London Underground annual entry and exit
- 2020: ▼1.28 million
- 2021: ▼0.84 million
- 2022: ▲1.39 million
- 2023: ▲1.56 million
- 2024: ▲1.67 million

Railway companies
- Original company: District Railway

Key dates
- 28 June 1903: Station opened
- 4 July 1932: District line service replaced by Piccadilly line

Listed status
- Listing grade: II* (since 20 July 2011)
- Entry number: 1294594
- Added to list: 19 February 1971; 55 years ago

Other information
- External links: TfL station info page;
- Coordinates: 51°33′03″N 0°18′56″W﻿ / ﻿51.55083°N 0.31556°W

= Sudbury Town tube station =

London Underground station

Sudbury Town (/ˈsʌdbəri/) is a London Underground station. It is located on the border between the London Boroughs of Brent and Ealing, with its main entrance on Station Approach in Sudbury. The station is on the Uxbridge branch of the Piccadilly line, between Sudbury Hill and Alperton stations. The forecourt of the station is known as Station Crescent. The station serves Sudbury, which forms the western part of Wembley. It is in London fare zone 4.
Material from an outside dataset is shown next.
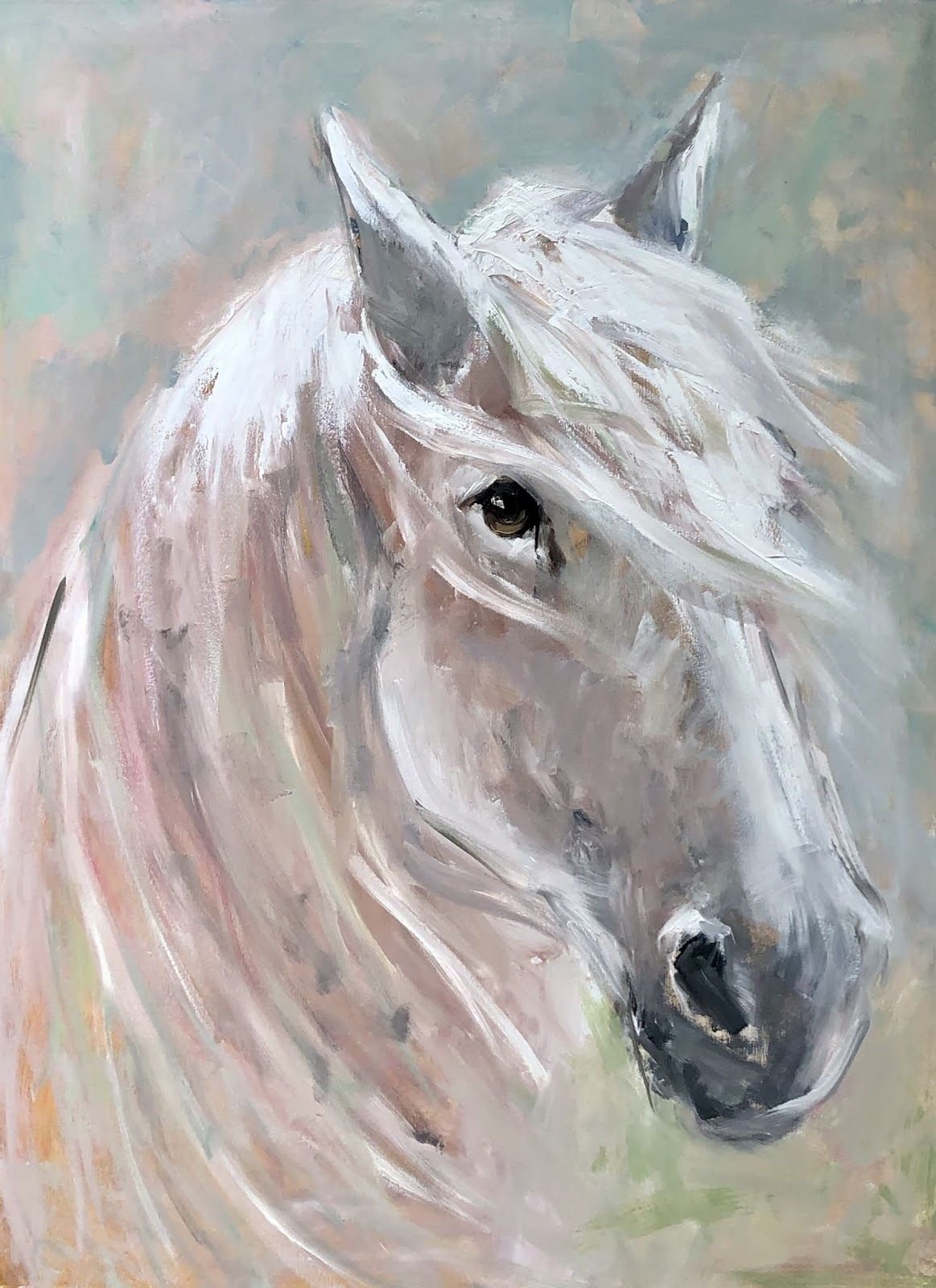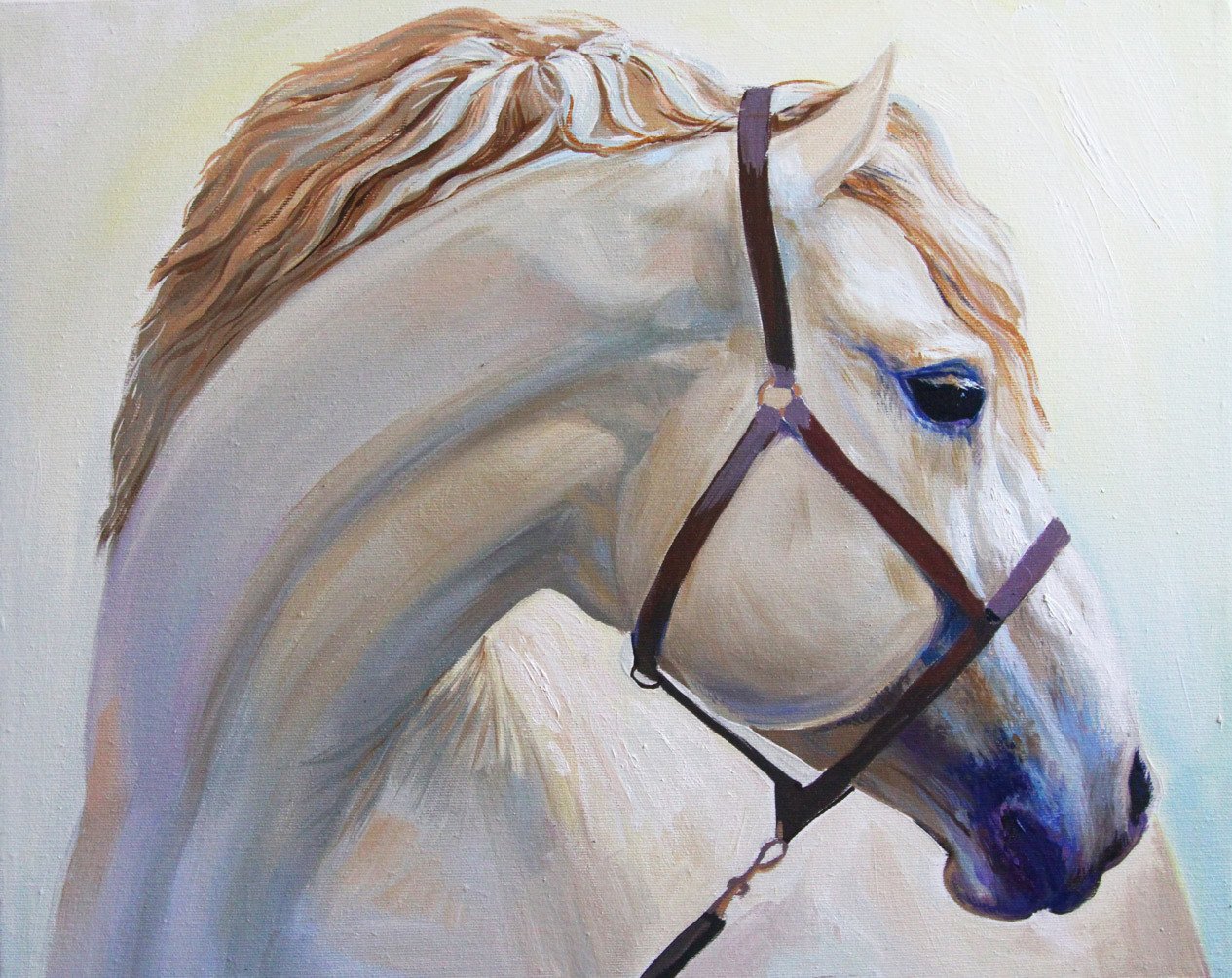 Белая лошадь маслом

Sudbury & Harrow Road National Rail station is located around 350 metres to the north, while Wembley Central station is around 1 km to the east.

==History==
Sudbury Town station was opened on 28 June 1903 by the District Railway (DR, now the District line) on its new extension to South Harrow from Park Royal & Twyford Abbey.

This new extension was, together with the existing tracks back to Acton Town, the first section of the Underground's surface lines to be electrified and operate electric instead of steam trains. The Deep level tube lines open at that time (City & South London Railway, Waterloo & City Railway and Central London Railway) had been electrically powered from the start.
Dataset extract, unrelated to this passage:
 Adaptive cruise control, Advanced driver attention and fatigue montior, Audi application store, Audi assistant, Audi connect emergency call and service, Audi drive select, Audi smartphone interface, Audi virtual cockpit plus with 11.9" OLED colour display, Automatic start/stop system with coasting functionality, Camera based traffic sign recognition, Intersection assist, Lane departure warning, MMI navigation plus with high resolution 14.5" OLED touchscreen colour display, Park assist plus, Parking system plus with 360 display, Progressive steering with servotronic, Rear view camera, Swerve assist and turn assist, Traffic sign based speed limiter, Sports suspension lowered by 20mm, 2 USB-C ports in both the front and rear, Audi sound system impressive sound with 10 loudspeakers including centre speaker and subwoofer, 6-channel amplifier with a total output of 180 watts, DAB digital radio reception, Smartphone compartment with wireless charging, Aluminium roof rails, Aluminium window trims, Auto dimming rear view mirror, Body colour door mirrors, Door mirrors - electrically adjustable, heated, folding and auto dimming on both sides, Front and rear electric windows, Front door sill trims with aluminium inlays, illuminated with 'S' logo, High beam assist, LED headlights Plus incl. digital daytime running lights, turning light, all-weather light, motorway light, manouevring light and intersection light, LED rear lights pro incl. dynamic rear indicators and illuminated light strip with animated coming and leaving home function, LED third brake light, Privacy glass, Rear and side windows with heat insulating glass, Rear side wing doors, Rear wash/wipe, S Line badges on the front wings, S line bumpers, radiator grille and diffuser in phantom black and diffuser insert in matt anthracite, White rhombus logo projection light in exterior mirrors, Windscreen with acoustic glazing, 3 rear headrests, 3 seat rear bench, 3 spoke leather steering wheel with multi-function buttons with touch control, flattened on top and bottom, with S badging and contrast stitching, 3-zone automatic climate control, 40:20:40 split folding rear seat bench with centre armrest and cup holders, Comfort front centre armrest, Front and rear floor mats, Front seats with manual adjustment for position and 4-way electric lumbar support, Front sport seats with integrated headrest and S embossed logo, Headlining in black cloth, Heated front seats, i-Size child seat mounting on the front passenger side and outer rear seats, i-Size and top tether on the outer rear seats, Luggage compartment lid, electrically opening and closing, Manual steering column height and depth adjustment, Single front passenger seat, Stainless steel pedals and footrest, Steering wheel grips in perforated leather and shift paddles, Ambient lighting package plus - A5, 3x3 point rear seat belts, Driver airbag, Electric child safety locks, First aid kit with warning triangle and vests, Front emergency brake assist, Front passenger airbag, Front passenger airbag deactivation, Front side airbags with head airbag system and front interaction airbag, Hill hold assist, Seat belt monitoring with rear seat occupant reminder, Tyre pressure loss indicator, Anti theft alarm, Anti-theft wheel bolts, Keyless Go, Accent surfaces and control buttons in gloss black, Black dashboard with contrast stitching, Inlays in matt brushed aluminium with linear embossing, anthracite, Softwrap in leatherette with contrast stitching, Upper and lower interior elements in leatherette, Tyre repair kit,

The original station building was demolished in 1930 and 1931 and replaced by a new station in preparation for the handover of the branch from the District line to the Piccadilly line. The new station was designed by Charles Holden in a modern European style using brick, reinforced concrete and glass. Like the stations at Sudbury Hill to the north and Alperton to the south as well as others that Holden designed elsewhere for the east and west Piccadilly line extensions such as Acton Town and Oakwood, Sudbury Town station features a tall block-like ticket hall rising above a low horizontal structure that contains station facilities and shops. The brick walls of the ticket hall are punctuated with panels of clerestory windows and the structure is capped with a flat concrete slab roof. Sudbury Town station is a Grade II* listed building. Some of the original station signage uses the Johnston Delf Smith typeface, a wedge-serif variation of the standard London Underground Johnston typeface.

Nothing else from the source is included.